═════ Given data ═════

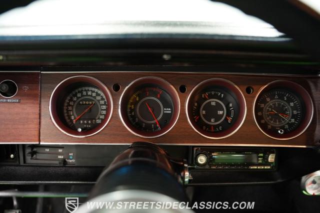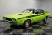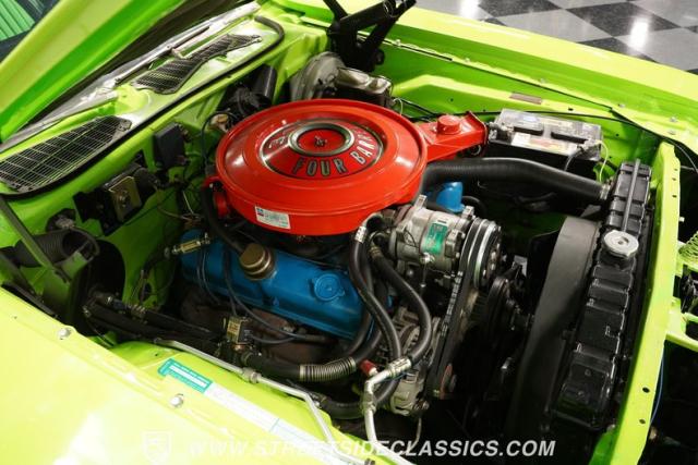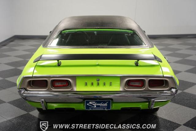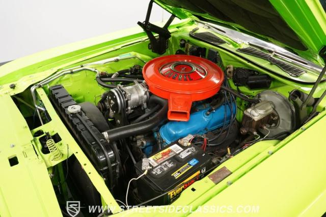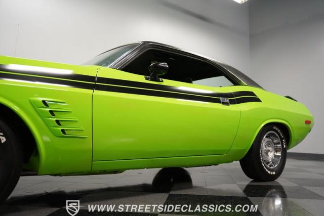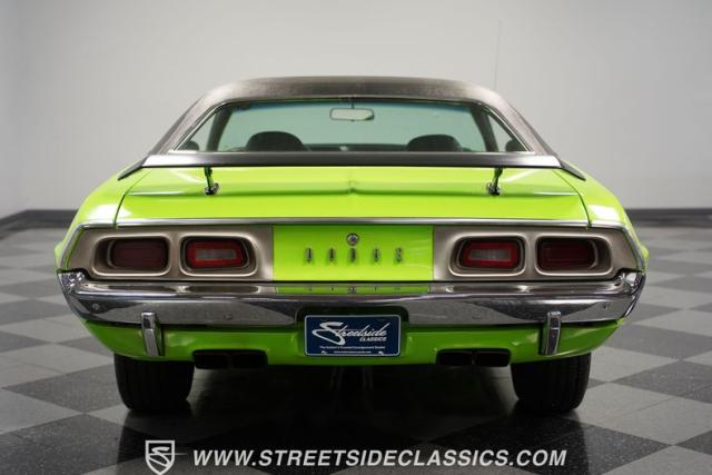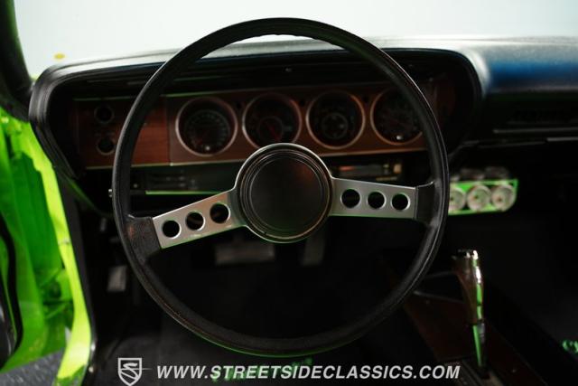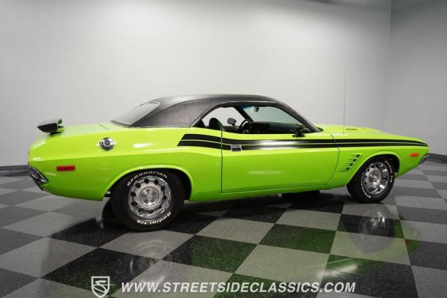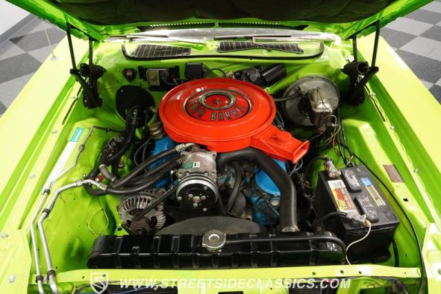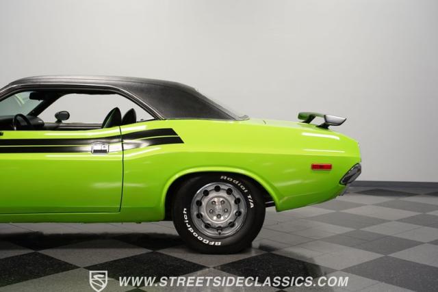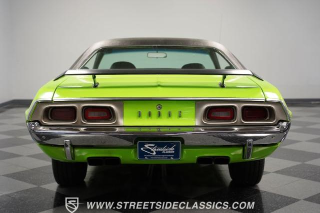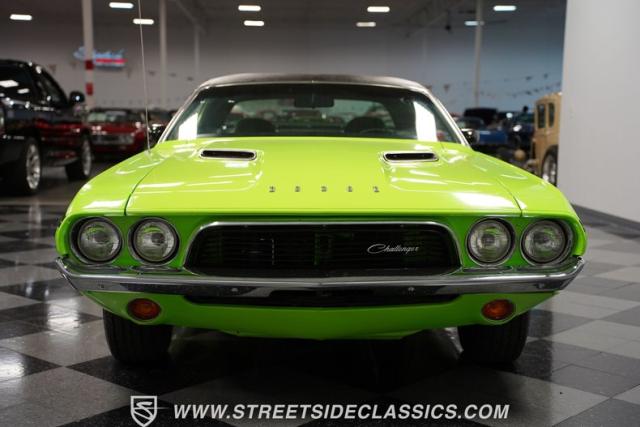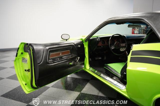 This 1973 Dodge Challenger Rallye roars with personality, showcasing a dazzling Lime Green exterior that captures the spirit of its era. The black vinyl top adds a classic touch, contrasting beautifully with the bold green paint. The Rallye package includes striking black decals that run along the sides, enhancing its aggressive stance. Sitting on 15-inch Mopar Rallye wheels wrapped in 215/70R15 front and 235/70R15 rear BFG Radial T/A tires, this Challenger looks ready to conquer any road. The dual racing mirrors and rear deck spoiler complete the picture, making this a true standout among muscle cars.
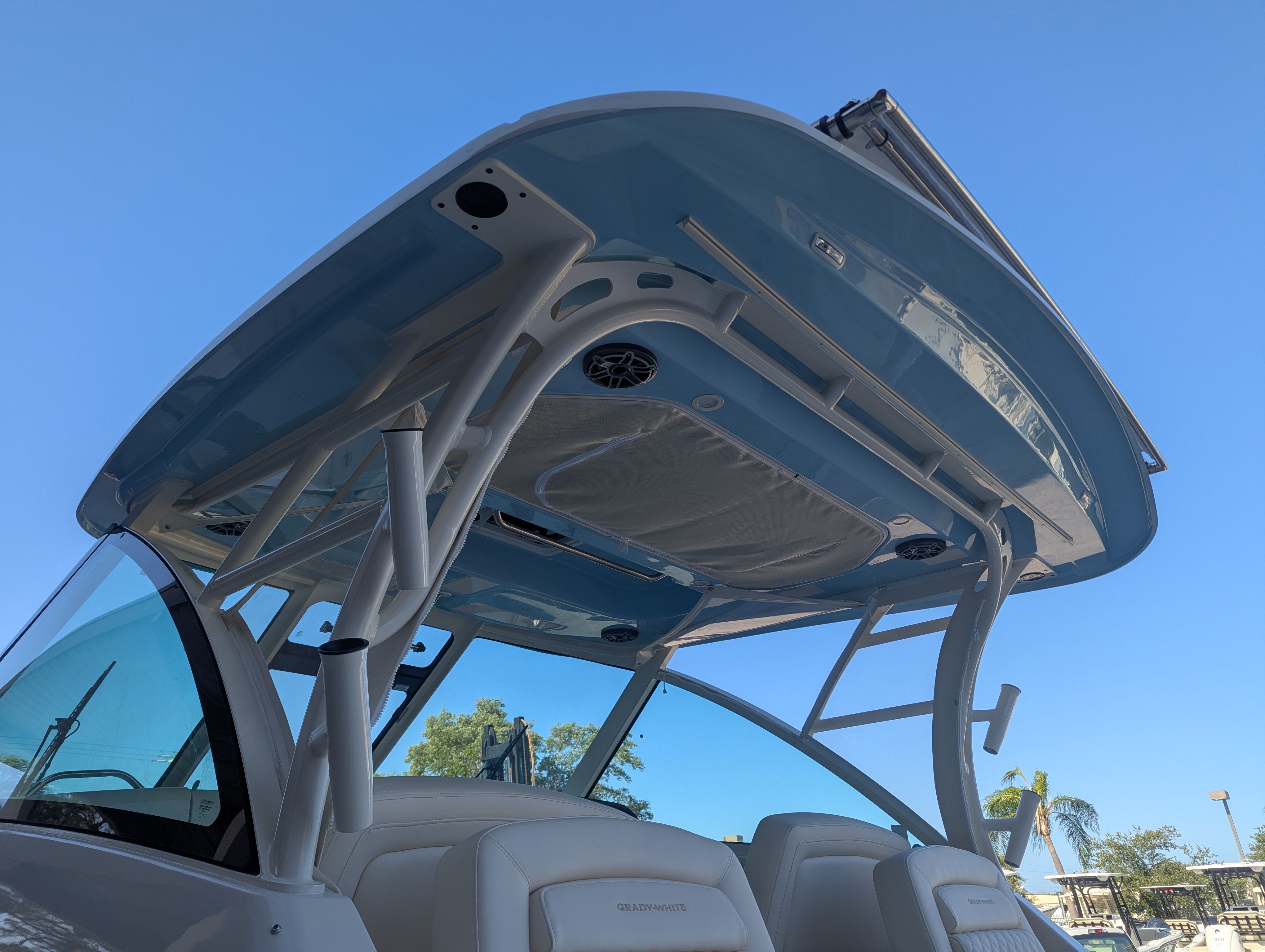 The 2026 Grady-White Freedom 325 is loaded with premium features that enhance both style and functionality. The dual Yamaha F350 engines are complemented by underwater lights, creating a captivating ambiance for evening cruises and dockside gatherings. The Gel Coat Celestial Blue finish adds a touch of sophistication, while the T-Top underside in Celestial Blue provides shade and protection from the elements. For added comfort and versatility, the Freedom 325 includes an Ivory Bow Shade, Ivory AV2 Aft Curtain, and Ivory Bow Cover, ensuring you and your guests stay cool and comfortable throughout the day. The installation of silver logos, a special request, adds a unique and distinguished touch to this already impressive vessel.
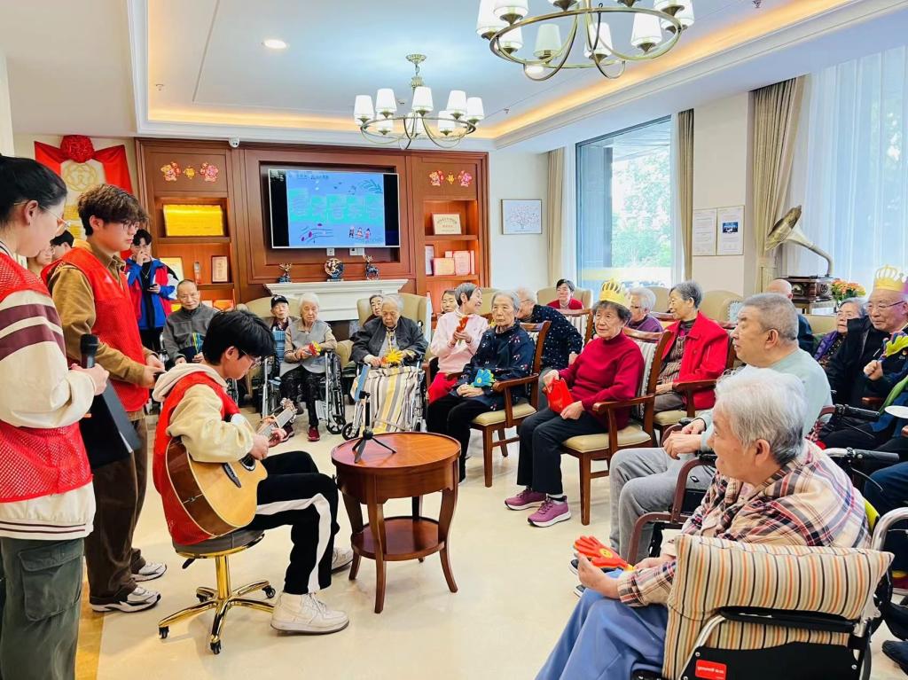 志愿者们精心准备了一台文艺节目,给老人们带去欢声笑语,老人们也分享了自己青年时代的故事,叮嘱同学们要把握大好时光,有所作为。谈到动情之时,老人高歌一曲,鼓励同学们说:“只要你的心还在跳动,还不曾对生活妥协,还没有放弃梦想,你依然是年轻的!加油,中国的新青年们!”活动室洋溢着欢笑与掌声,“过来人”与青年人心灵碰撞,互相陪伴,收获爱与温暖。
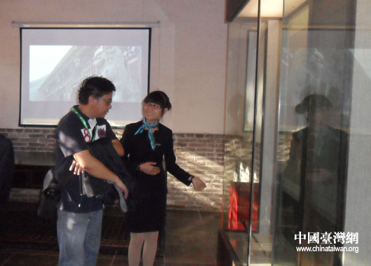 在平遥文涛坊古兵器博物馆,引导员向台湾记者介绍古兵器文化。(中国台湾网 郭庆娜 摄)
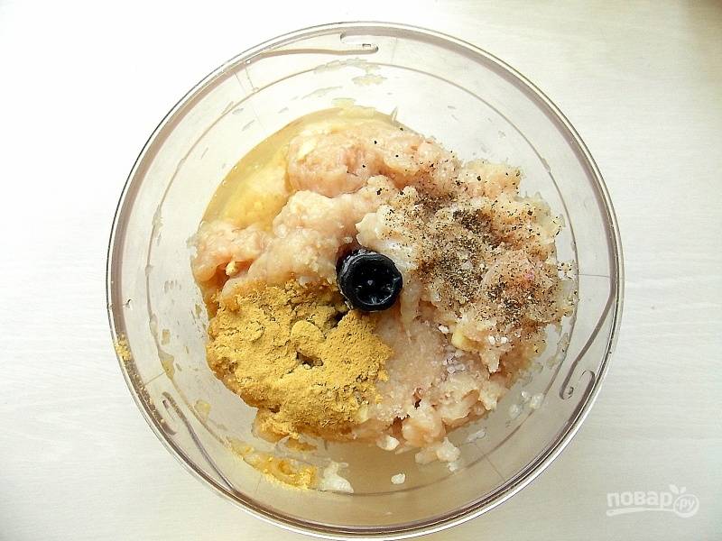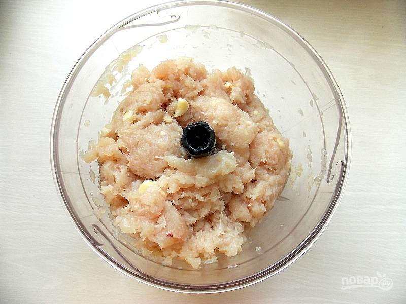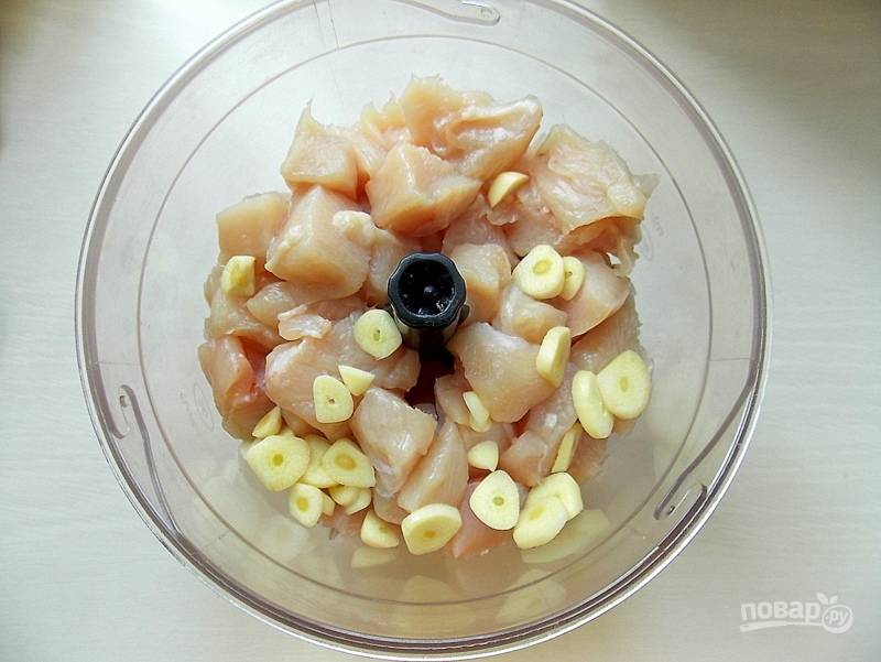 Куриное филе очистите от пленок и порежьте на кусочки. Положите в чашу блендера, добавьте нарезанный чеснок.

═════

» What to work on: Every entry, word for word, should be given again; the pictures are not part of the copy.

» Completed task:
 This 1973 Dodge Challenger Rallye roars with personality, showcasing a dazzling Lime Green exterior that captures the spirit of its era. The black vinyl top adds a classic touch, contrasting beautifully with the bold green paint. The Rallye package includes striking black decals that run along the sides, enhancing its aggressive stance. Sitting on 15-inch Mopar Rallye wheels wrapped in 215/70R15 front and 235/70R15 rear BFG Radial T/A tires, this Challenger looks ready to conquer any road. The dual racing mirrors and rear deck spoiler complete the picture, making this a true standout among muscle cars.
 The 2026 Grady-White Freedom 325 is loaded with premium features that enhance both style and functionality. The dual Yamaha F350 engines are complemented by underwater lights, creating a captivating ambiance for evening cruises and dockside gatherings. The Gel Coat Celestial Blue finish adds a touch of sophistication, while the T-Top underside in Celestial Blue provides shade and protection from the elements. For added comfort and versatility, the Freedom 325 includes an Ivory Bow Shade, Ivory AV2 Aft Curtain, and Ivory Bow Cover, ensuring you and your guests stay cool and comfortable throughout the day. The installation of silver logos, a special request, adds a unique and distinguished touch to this already impressive vessel.
 志愿者们精心准备了一台文艺节目,给老人们带去欢声笑语,老人们也分享了自己青年时代的故事,叮嘱同学们要把握大好时光,有所作为。谈到动情之时,老人高歌一曲,鼓励同学们说:“只要你的心还在跳动,还不曾对生活妥协,还没有放弃梦想,你依然是年轻的!加油,中国的新青年们!”活动室洋溢着欢笑与掌声,“过来人”与青年人心灵碰撞,互相陪伴,收获爱与温暖。
 在平遥文涛坊古兵器博物馆,引导员向台湾记者介绍古兵器文化。(中国台湾网 郭庆娜 摄)
 Куриное филе очистите от пленок и порежьте на кусочки. Положите в чашу блендера, добавьте нарезанный чеснок.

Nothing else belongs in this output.